• _Task_
Please copy exactly the part of the records below that opens with the line containing "Auch als Elektro- Ausführung" and closes with the line containing "Keuken met deur", leaving out any pictures.

• _Data for review_
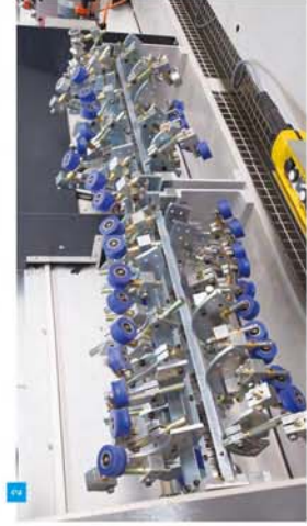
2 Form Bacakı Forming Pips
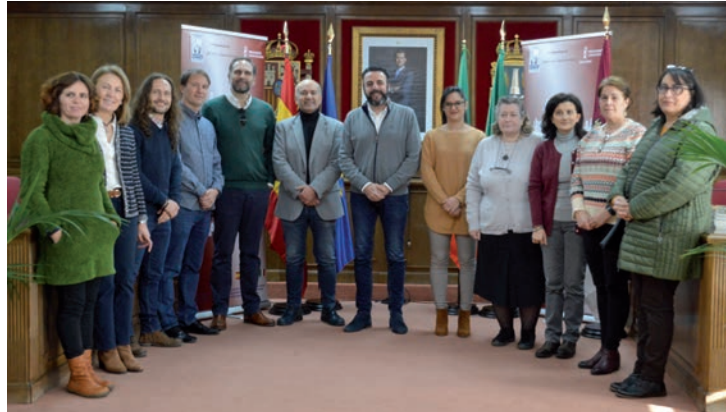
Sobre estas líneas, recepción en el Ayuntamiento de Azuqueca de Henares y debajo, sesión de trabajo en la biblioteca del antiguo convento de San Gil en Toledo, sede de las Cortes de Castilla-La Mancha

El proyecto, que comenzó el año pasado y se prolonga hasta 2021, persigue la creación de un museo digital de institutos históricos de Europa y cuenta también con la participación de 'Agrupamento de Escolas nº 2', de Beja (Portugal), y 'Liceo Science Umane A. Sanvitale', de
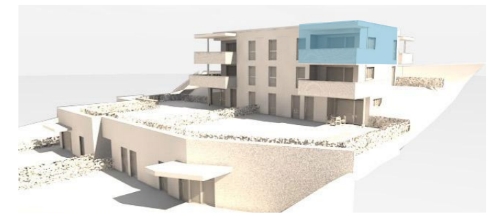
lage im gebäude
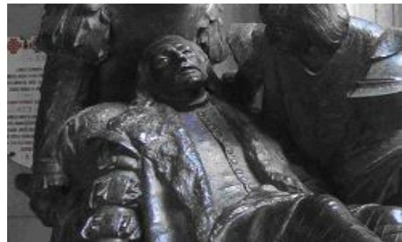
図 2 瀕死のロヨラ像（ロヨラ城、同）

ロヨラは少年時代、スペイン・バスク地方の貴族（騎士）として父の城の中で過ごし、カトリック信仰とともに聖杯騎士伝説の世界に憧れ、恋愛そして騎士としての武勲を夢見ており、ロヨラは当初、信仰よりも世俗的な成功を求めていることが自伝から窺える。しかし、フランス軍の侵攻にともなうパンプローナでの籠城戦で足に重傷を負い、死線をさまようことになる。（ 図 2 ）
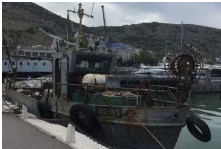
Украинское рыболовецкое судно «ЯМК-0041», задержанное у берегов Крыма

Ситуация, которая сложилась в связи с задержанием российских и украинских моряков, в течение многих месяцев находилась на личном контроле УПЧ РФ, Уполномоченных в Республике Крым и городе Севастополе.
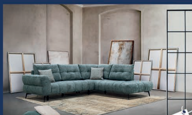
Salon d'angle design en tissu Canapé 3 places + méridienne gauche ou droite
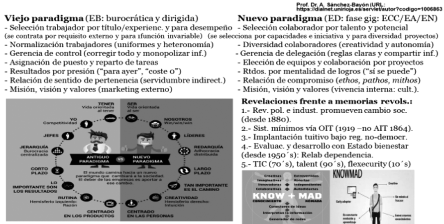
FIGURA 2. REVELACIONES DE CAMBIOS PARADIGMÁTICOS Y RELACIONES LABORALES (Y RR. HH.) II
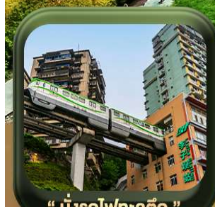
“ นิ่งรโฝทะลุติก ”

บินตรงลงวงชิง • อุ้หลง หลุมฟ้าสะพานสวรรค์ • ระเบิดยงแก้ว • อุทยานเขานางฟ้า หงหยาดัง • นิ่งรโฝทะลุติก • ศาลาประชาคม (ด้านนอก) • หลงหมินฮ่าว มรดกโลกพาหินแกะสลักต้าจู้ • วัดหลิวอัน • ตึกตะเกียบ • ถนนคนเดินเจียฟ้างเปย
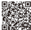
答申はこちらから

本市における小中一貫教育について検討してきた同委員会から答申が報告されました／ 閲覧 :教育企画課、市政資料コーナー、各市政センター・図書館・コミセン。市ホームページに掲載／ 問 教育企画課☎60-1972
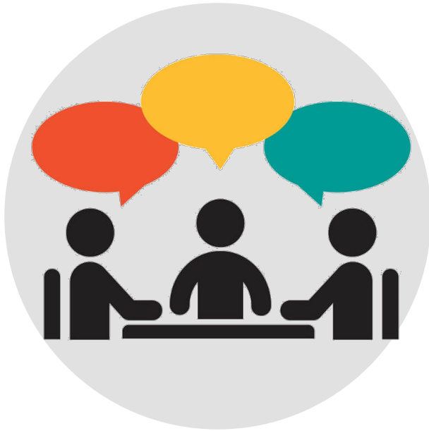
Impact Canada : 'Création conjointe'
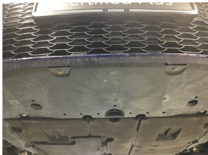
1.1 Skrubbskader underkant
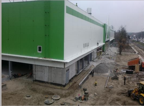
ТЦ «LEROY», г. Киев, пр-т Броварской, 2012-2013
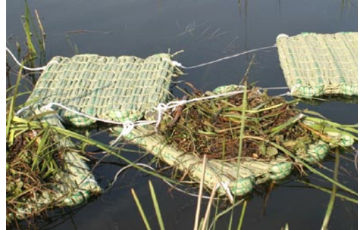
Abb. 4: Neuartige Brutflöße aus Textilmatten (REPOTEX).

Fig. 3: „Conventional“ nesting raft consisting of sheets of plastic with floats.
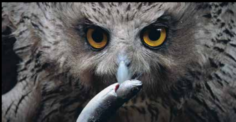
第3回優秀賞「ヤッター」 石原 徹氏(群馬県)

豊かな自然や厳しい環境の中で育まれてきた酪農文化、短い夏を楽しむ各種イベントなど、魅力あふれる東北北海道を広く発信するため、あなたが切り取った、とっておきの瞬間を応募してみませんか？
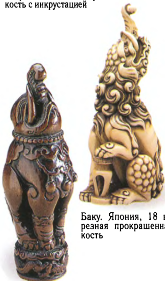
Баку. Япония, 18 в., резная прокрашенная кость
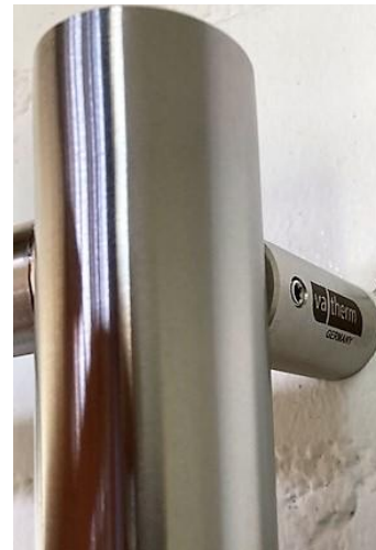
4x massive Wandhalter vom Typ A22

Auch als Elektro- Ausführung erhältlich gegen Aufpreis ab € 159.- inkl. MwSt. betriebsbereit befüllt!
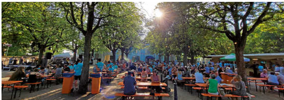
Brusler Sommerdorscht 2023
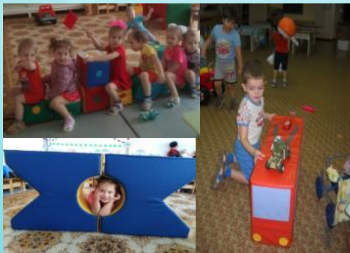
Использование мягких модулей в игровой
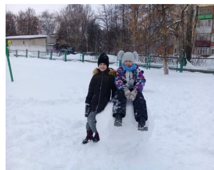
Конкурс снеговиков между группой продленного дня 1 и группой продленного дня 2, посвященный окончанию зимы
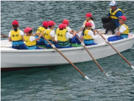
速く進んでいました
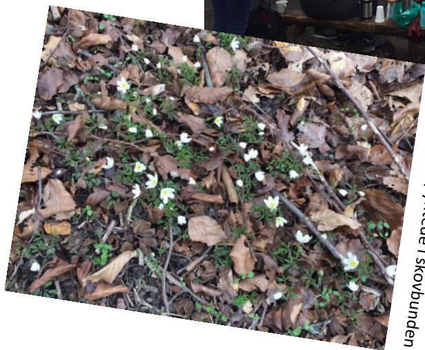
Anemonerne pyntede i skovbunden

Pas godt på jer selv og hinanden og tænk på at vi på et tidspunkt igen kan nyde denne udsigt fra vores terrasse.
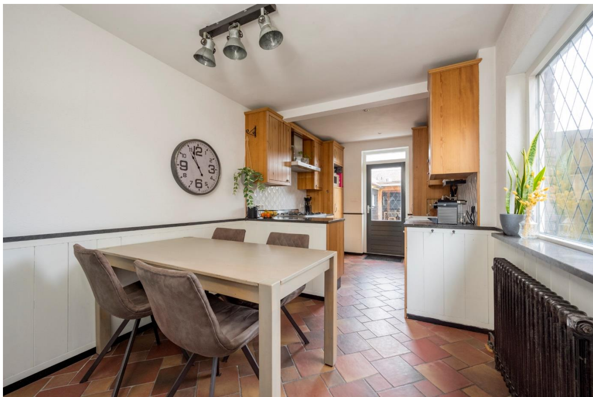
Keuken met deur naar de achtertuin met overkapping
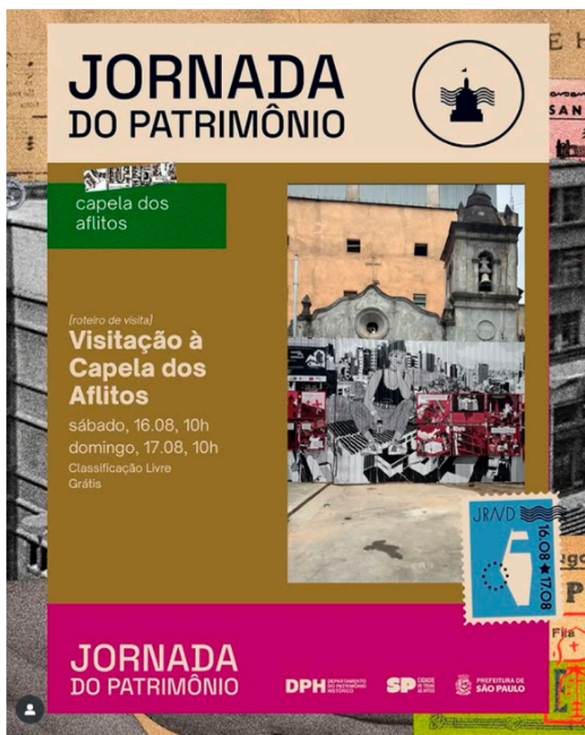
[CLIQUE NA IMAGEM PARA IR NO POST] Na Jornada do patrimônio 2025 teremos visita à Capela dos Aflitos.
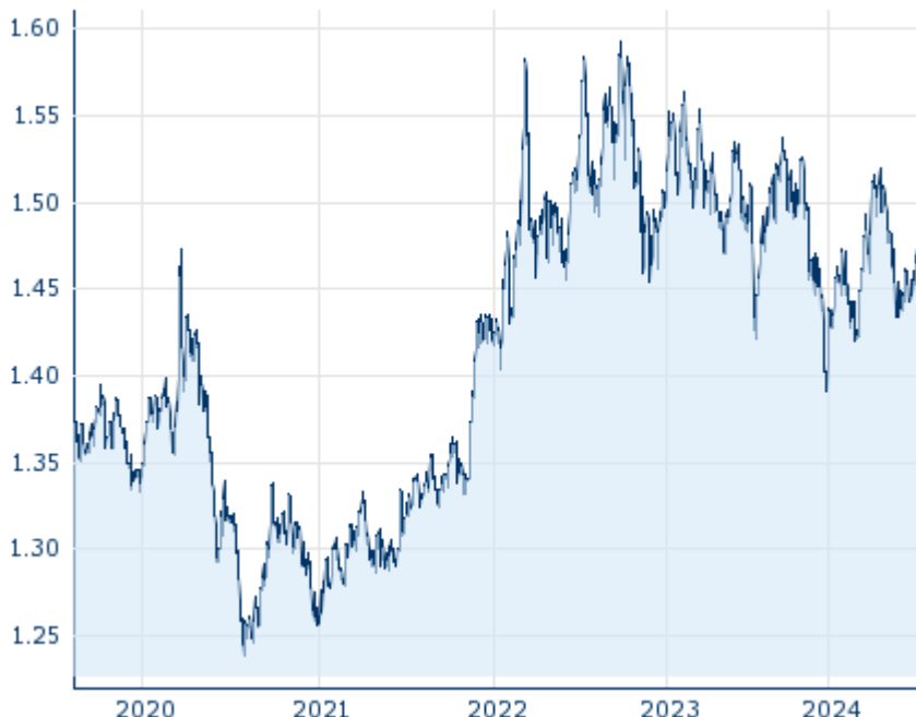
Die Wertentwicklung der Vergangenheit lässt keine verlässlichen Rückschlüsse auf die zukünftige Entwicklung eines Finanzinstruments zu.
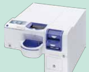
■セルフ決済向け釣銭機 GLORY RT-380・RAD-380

• _Written reply_
Auch als Elektro- Ausführung erhältlich gegen Aufpreis ab € 159.- inkl. MwSt. betriebsbereit befüllt!
Brusler Sommerdorscht 2023
Использование мягких модулей в игровой
Конкурс снеговиков между группой продленного дня 1 и группой продленного дня 2, посвященный окончанию зимы
速く進んでいました
Anemonerne pyntede i skovbunden

Pas godt på jer selv og hinanden og tænk på at vi på et tidspunkt igen kan nyde denne udsigt fra vores terrasse.
Keuken met deur naar de achtertuin met overkapping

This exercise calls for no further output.